Q11 The Data For This And All Other Assignments Is Located O
Q11the Data For This And All Other Assignment Is Located On Blackbo
The data for this (and all other) assignment is located on Blackboard. You should save a copy to a flat ASCII (space delimited) file and a formatted ASCII (comma delimited) file. This gives you three copies of the data. You are to use the IMPORT command to read each of the three datasets into SAS. Confirm that the data are correct. You are to write a DATA step that correctly reads the two ASCII files into a SAS dataset. Create dummy variables for each month and each day of the week, and ensure they function properly. Also, create a log variable for the two temperature variables. Generate deviation from mean for the temperature variables. Create squared terms for each of the temperature deviations. Obtain and save the summary statistics as a .lst file. Perform regression analyses of sales on relevant variables using both linear and log-transformed temperature variables, including separate regressions for each month. Conduct hypothesis tests on individual coefficients, including those for rain, temperature, min temperature, and holiday, testing specified null hypotheses. Carry out heteroskedasticity tests (White test), serial correlation tests (Durbin-Watson), and multicollinearity assessments. Test the significance of day of week, month of year, and squared temperature variables in predicting sales. Prepare and submit the SAS program and a Word document summarizing the results. Include detailed regression descriptions and all test outcomes.
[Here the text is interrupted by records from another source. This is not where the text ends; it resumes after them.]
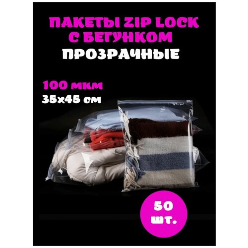 Зип лок пакет с застежкой / бегунком / слайдером, 35х45 см, 100 мкм, прозрачный, с отверстием, 50 шт
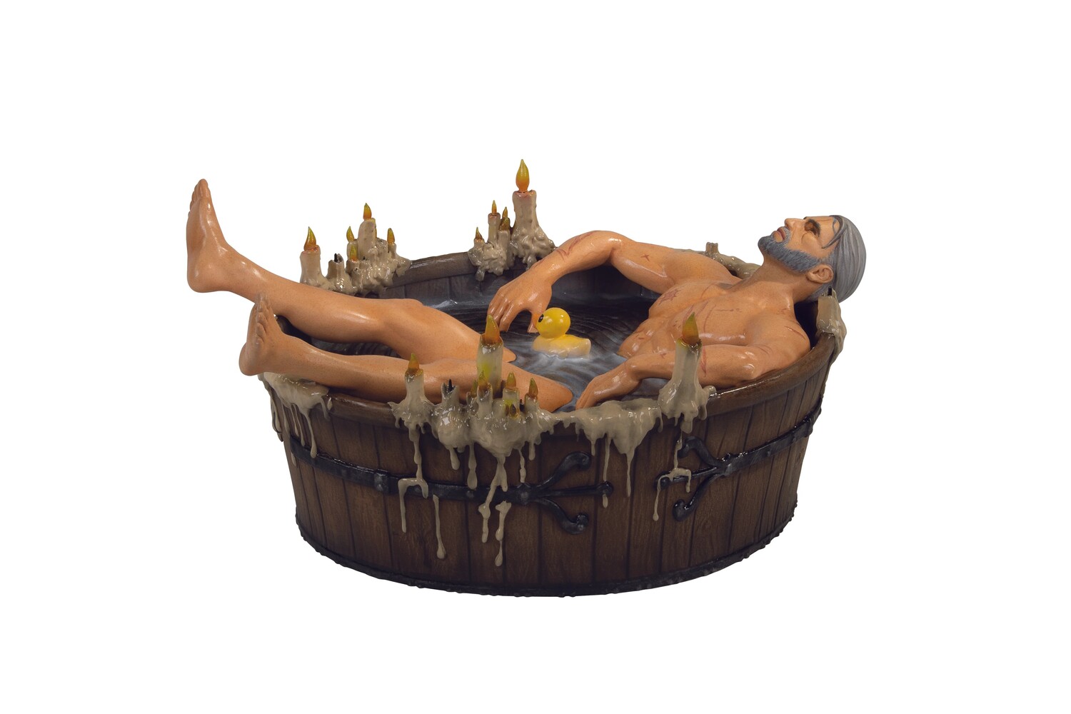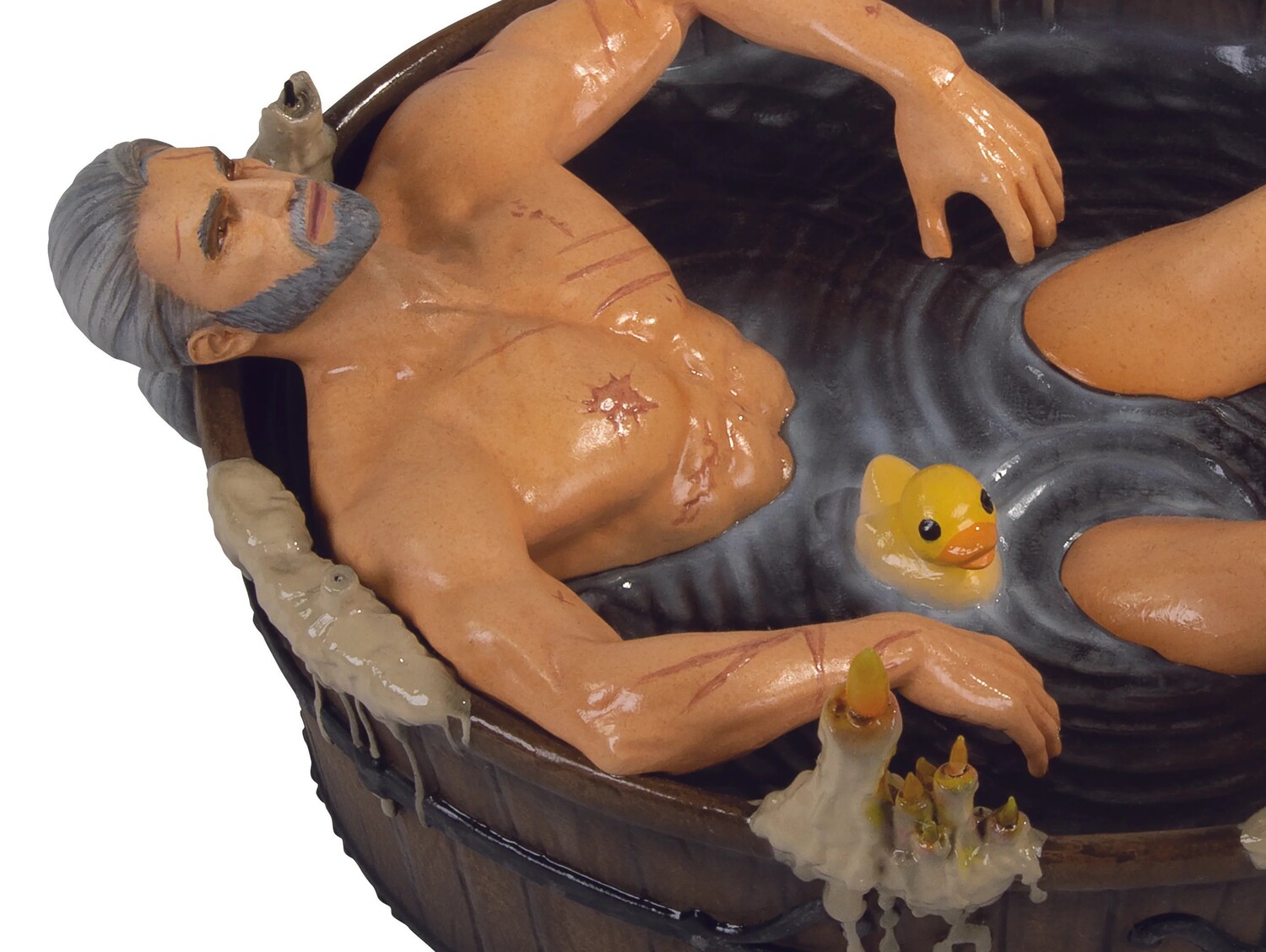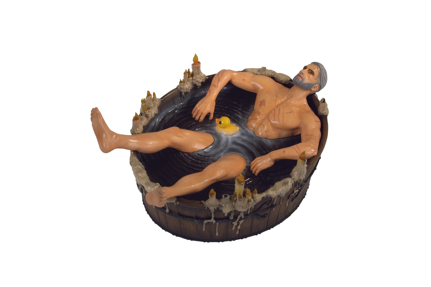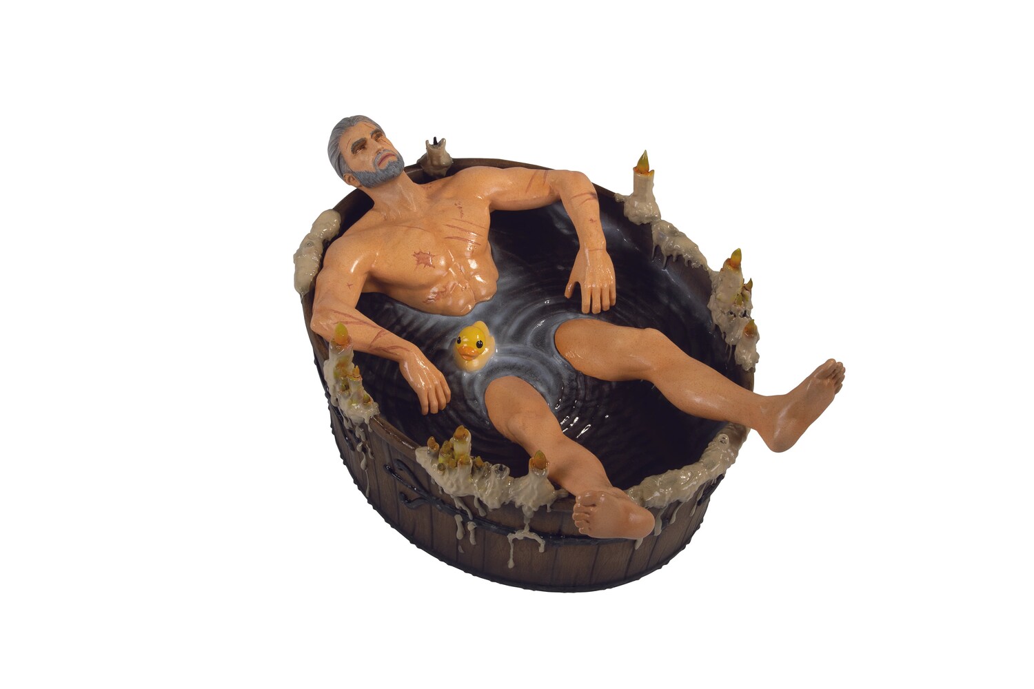 Изначально это была сюжетная сцена из игры, ставшая интернет-мемом, первоапрельской шуткой CD Projekt Red, но спрос на нее со стороны фанатов Witcher стал слишком велик, чтобы его выдержать. Dark Horse с гордостью представляет вам эту удивительно детализированную, 20,3 Д x 8,9 Ш x 13,9 В, раскрашенную вручную статуэтку из полирезины, изображающую Геральта из Ривии, расслабляющегося и исцеляющегося после своих опасных путешествий, в ванной при свечах, вместе с его резиновой уточкой!
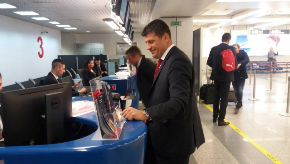 Cela crveno-bela ekspedicija bila je dobro raspoložena na beogradskom aerodromu, a naročito trener.
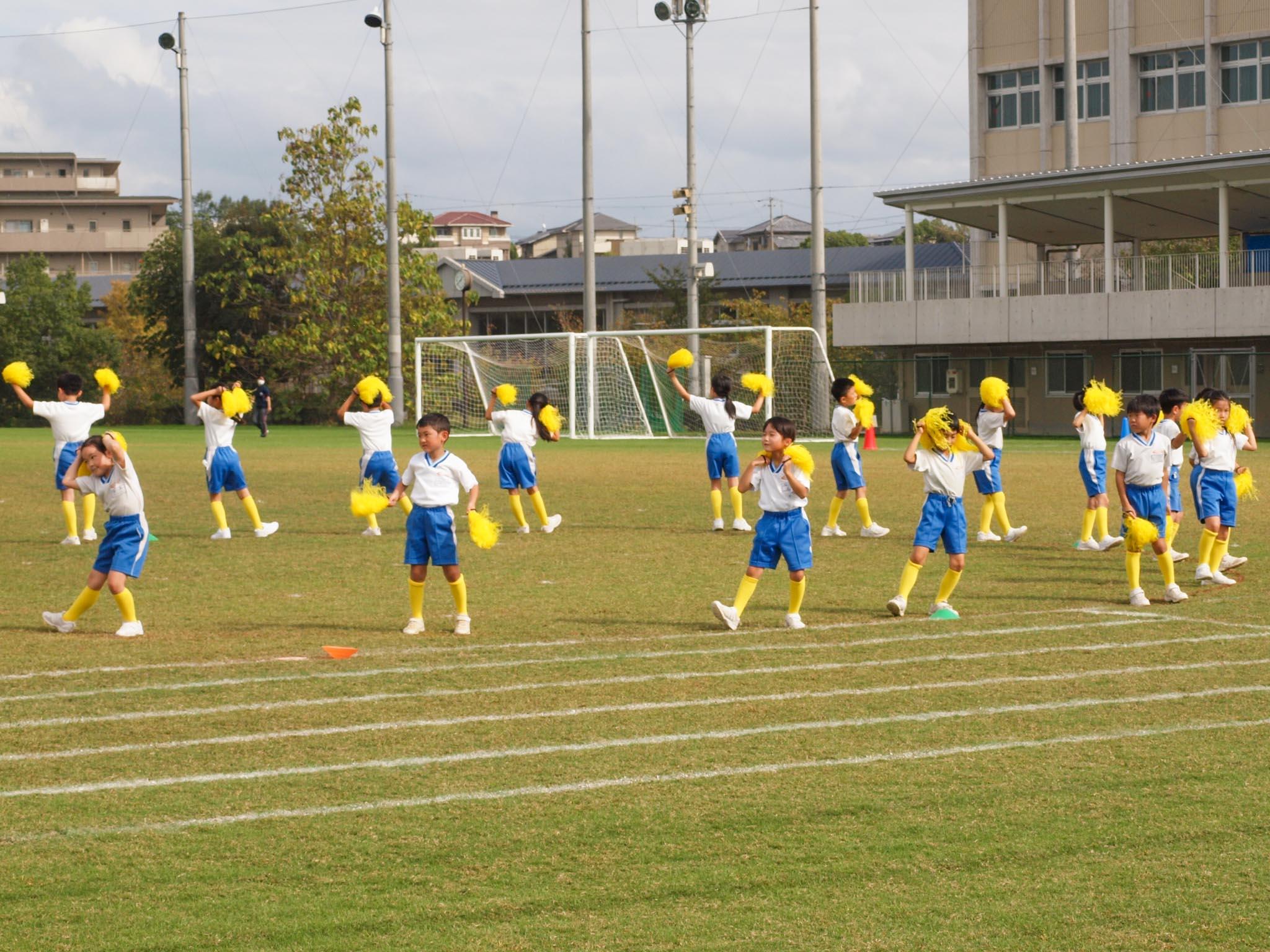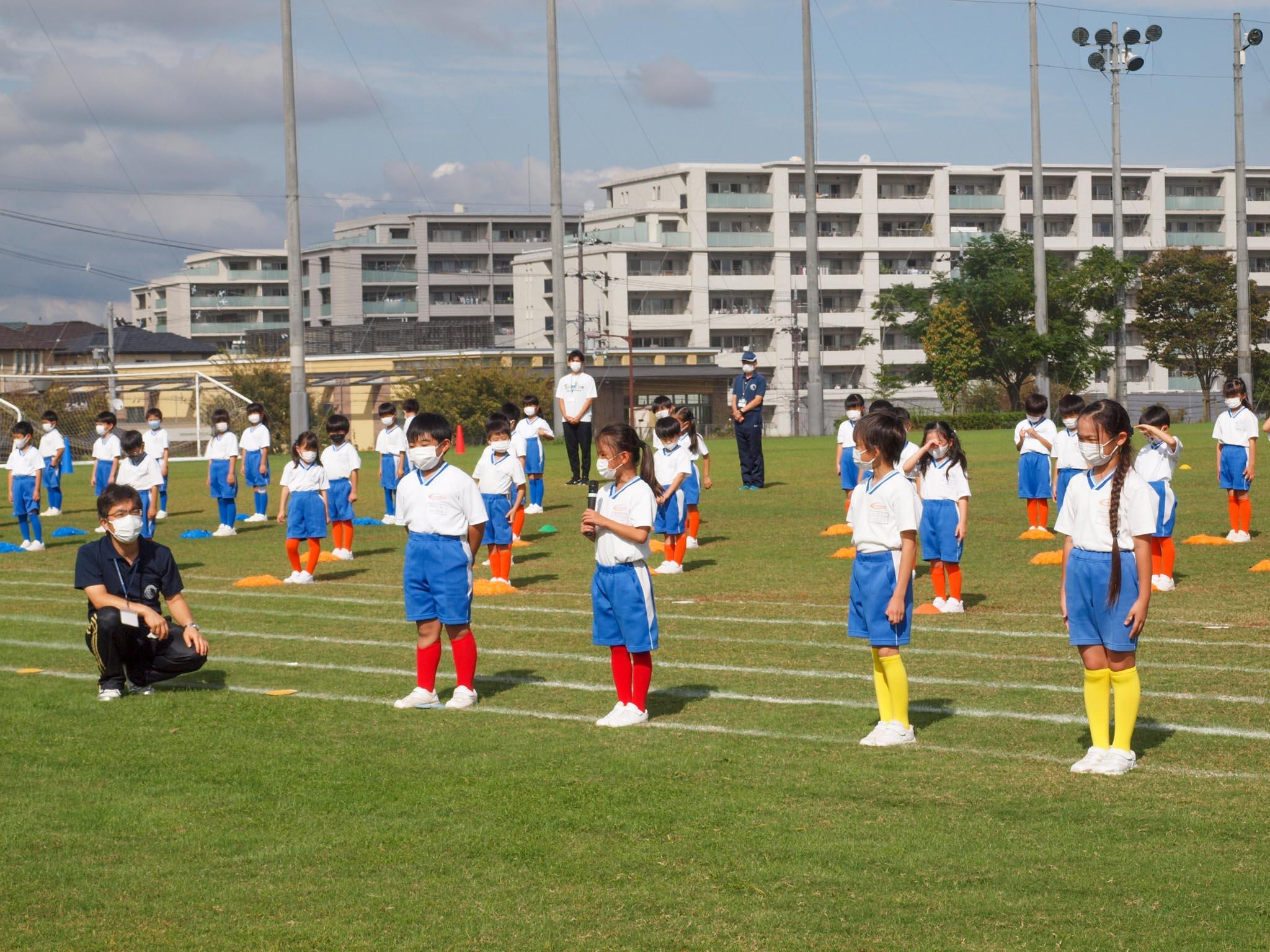 まず、先生から「昨日の雨も子どもたちの思いが通じたのか、今日はすっかり止み、晴れわたる中、グラウンドを使って体育参観ができることを嬉しく思います」と挨拶がありました。
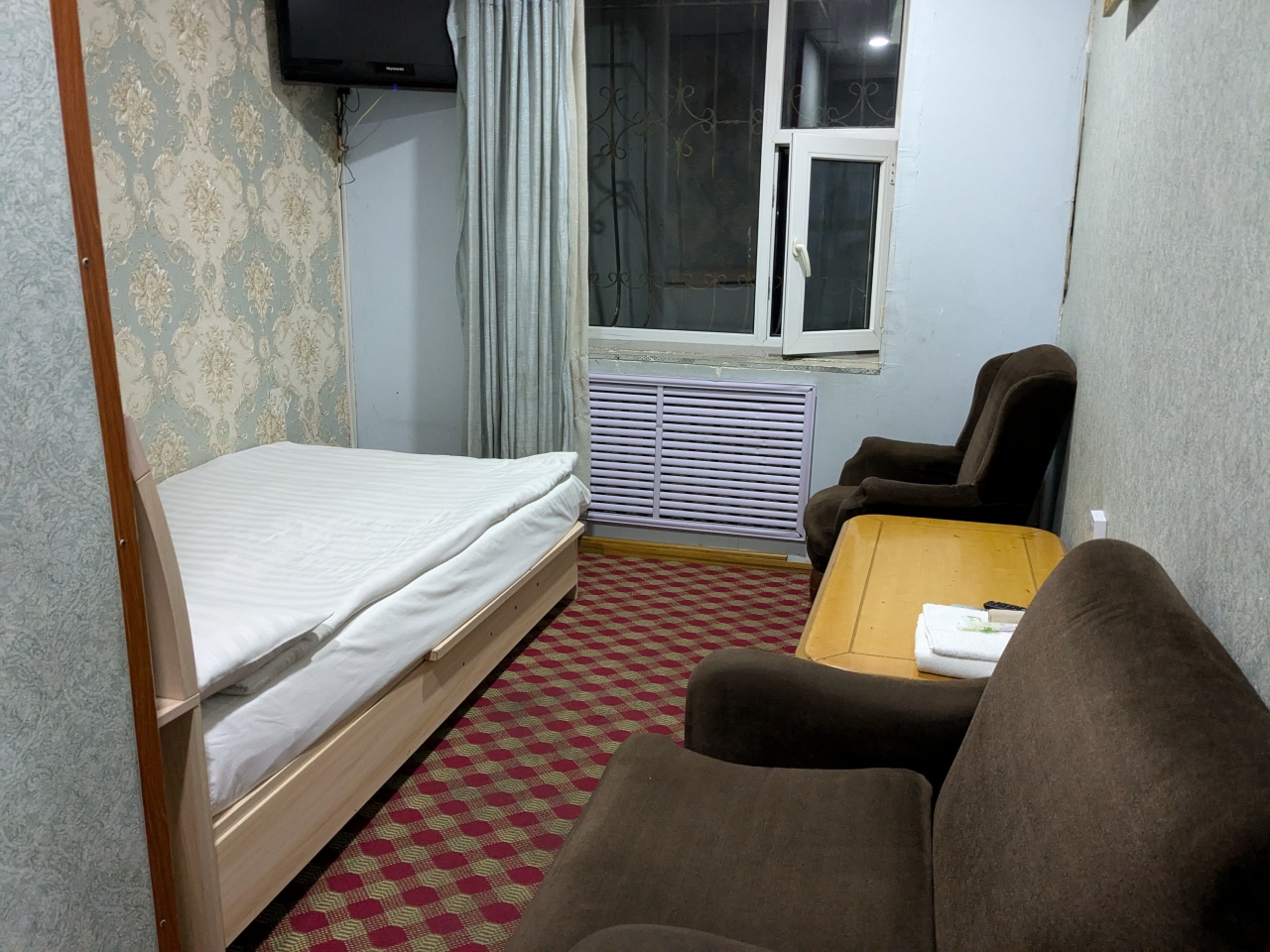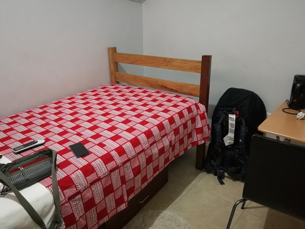 - 狭いが、冷暖房、冷蔵庫、テレビ、机、ティーポット、ベッドの下にはちょっとした収納ダンスがあり、すべてそろっている。

Paper For Above instruction
The comprehensive analysis of sales data involves multiple stages ranging from data preparation, variable creation, statistical summarization, to regression modeling and hypothesis testing. This process aims to uncover the factors influencing sales, assess model assumptions, and evaluate the significance of various predictors, thereby enabling insightful conclusions for decision-making.
Initial data management is crucial in this study. The dataset, provided on Blackboard, was first saved in both ASCII space-delimited and comma-delimited formats. Using SAS, each dataset was imported via the IMPORT procedure, allowing verification of data accuracy and consistency. The importance of proper data import cannot be overstated, as errors at this stage could compromise subsequent analyses (SAS Institute, 2016). Following confirmation, a DATA step was used to read the ASCII files into a SAS dataset, ensuring correct variable formats and labels. Data integrity at this stage underpins all later analyses.
Variable creation is central to understanding temporal effects on sales. Dummy variables for each month and each day of the week were generated to capture seasonal and weekly patterns. These binary indicators facilitate the examination of cyclical sales trends (Chen & Liu, 2020). The creation of a log variable for the temperature readings helps stabilize variances and linearize relationships, essential in regression modeling (Brooks, 2014). Additionally, a log transformation of sales itself was performed for comparison.
Further data manipulation involved calculating deviations from the mean for temperature variables. This process helps in modeling relative temperature effects and reduces multicollinearity issues related to the original temperature variables (Gujarati & Porter, 2009). Squared deviations for temperature variables were also created to test nonlinear effects, capturing potential quadratic relationships influencing sales dynamics.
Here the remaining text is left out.